* **Exercise data**:
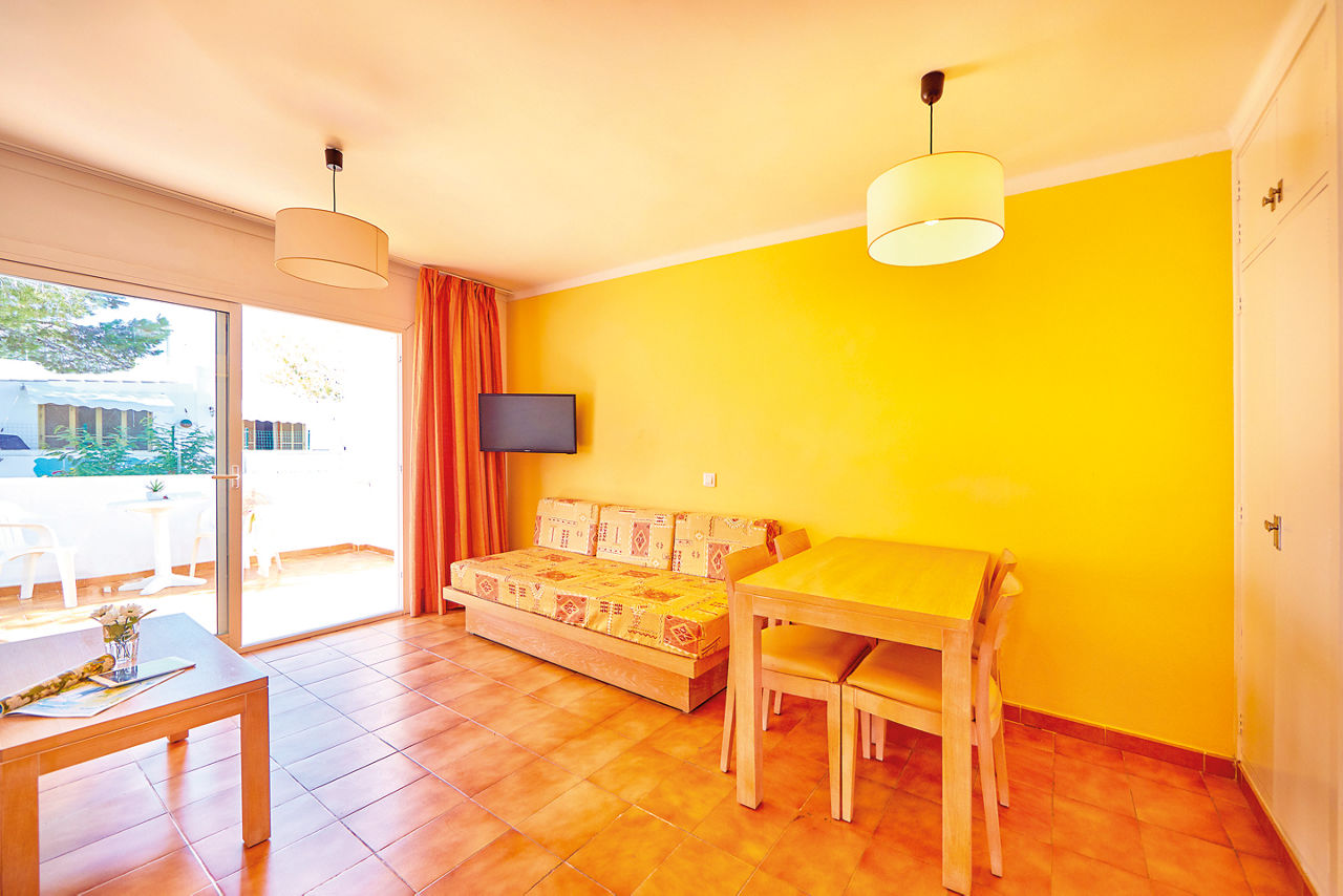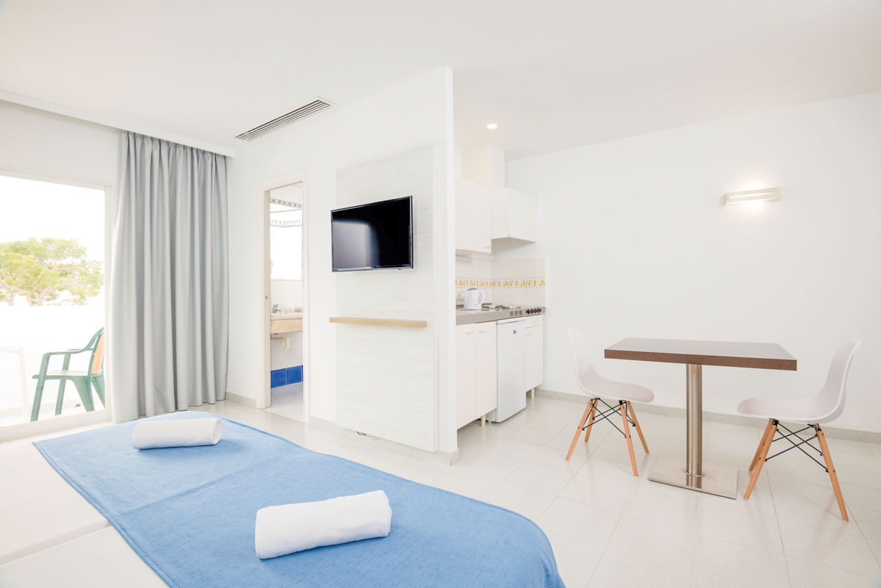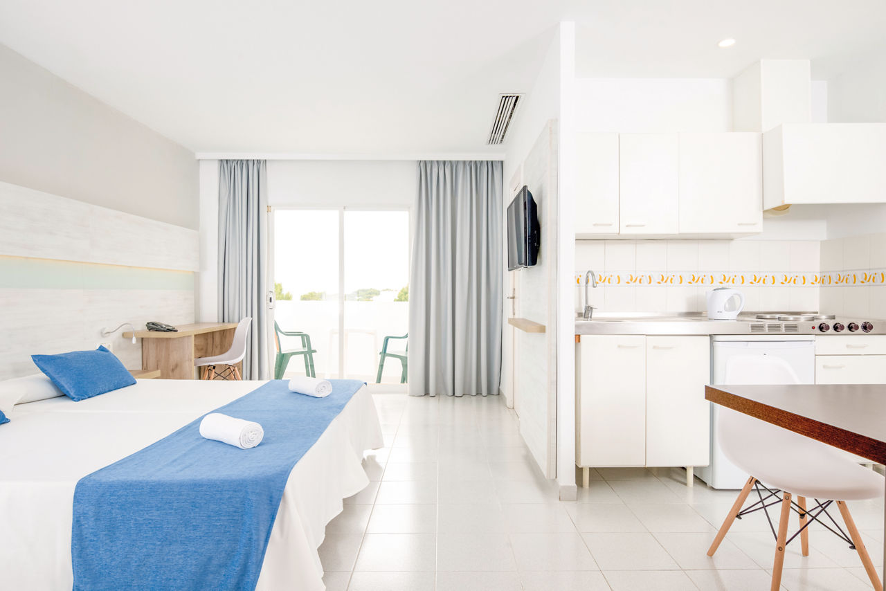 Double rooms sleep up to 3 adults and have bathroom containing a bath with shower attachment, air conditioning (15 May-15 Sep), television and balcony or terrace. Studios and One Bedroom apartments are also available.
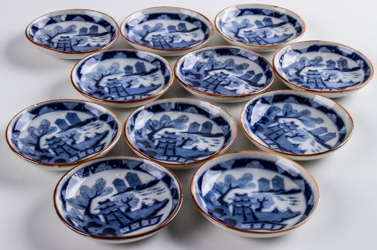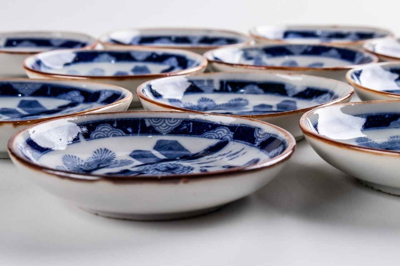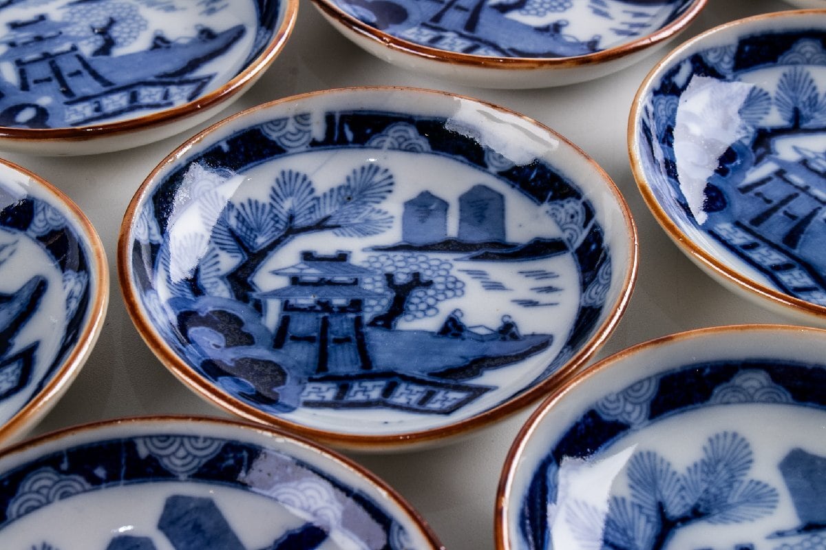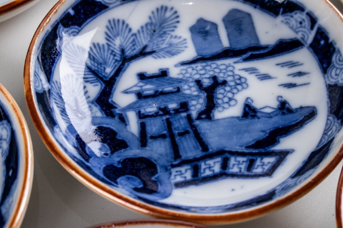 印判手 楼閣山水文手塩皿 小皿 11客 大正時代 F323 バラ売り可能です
---
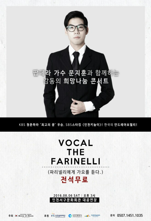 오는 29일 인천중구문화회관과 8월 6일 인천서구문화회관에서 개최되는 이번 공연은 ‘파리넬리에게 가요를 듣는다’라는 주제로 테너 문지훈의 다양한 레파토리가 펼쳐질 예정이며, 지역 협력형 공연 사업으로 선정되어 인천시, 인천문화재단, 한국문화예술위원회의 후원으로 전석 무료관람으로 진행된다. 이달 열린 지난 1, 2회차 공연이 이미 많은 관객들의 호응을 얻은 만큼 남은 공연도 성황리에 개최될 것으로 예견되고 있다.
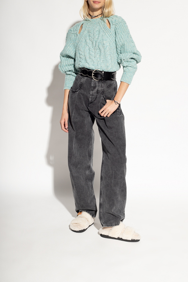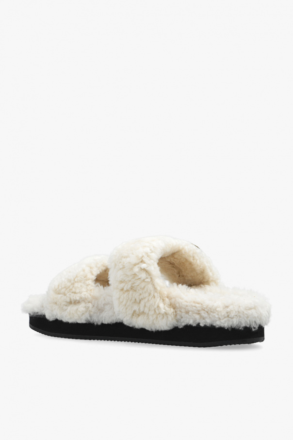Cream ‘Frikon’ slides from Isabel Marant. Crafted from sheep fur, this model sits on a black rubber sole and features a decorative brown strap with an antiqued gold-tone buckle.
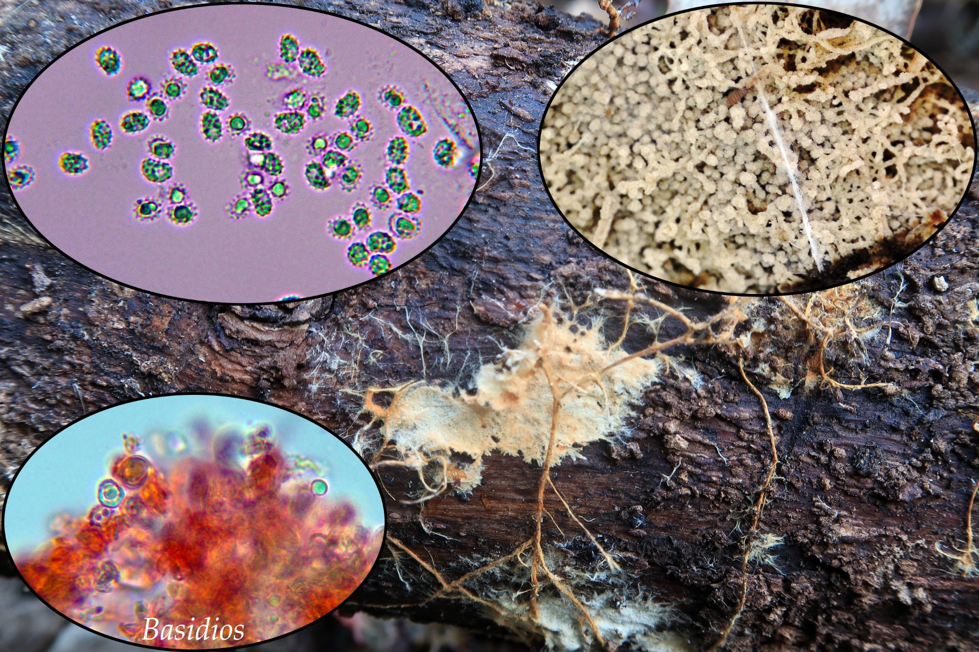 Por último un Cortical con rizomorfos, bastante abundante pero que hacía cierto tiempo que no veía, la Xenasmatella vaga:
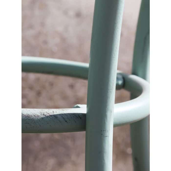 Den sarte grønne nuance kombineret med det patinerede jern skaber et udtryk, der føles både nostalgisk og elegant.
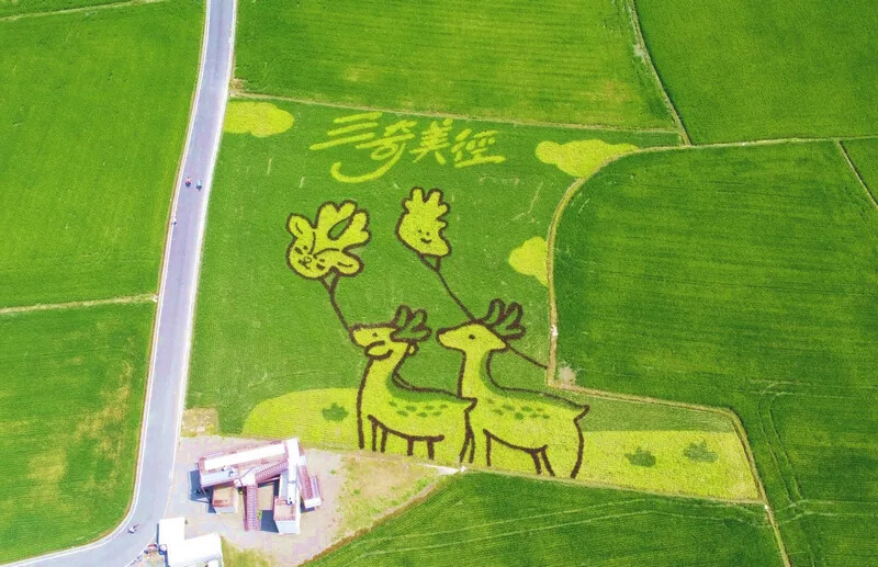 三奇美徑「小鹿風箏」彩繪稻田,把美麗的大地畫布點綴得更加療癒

* **What is expected**: For this exercise, set down the lines in the entries above from the one with "오는 29일 인천중구문화회관과" through the one with "三奇美徑「小鹿風箏」彩繪稻田,把美麗的大地畫布點綴得更加療癒" exactly as written, without any pictures.

* **Task response**:
 오는 29일 인천중구문화회관과 8월 6일 인천서구문화회관에서 개최되는 이번 공연은 ‘파리넬리에게 가요를 듣는다’라는 주제로 테너 문지훈의 다양한 레파토리가 펼쳐질 예정이며, 지역 협력형 공연 사업으로 선정되어 인천시, 인천문화재단, 한국문화예술위원회의 후원으로 전석 무료관람으로 진행된다. 이달 열린 지난 1, 2회차 공연이 이미 많은 관객들의 호응을 얻은 만큼 남은 공연도 성황리에 개최될 것으로 예견되고 있다.
Cream ‘Frikon’ slides from Isabel Marant. Crafted from sheep fur, this model sits on a black rubber sole and features a decorative brown strap with an antiqued gold-tone buckle.
 Por último un Cortical con rizomorfos, bastante abundante pero que hacía cierto tiempo que no veía, la Xenasmatella vaga:
 Den sarte grønne nuance kombineret med det patinerede jern skaber et udtryk, der føles både nostalgisk og elegant.
 三奇美徑「小鹿風箏」彩繪稻田,把美麗的大地畫布點綴得更加療癒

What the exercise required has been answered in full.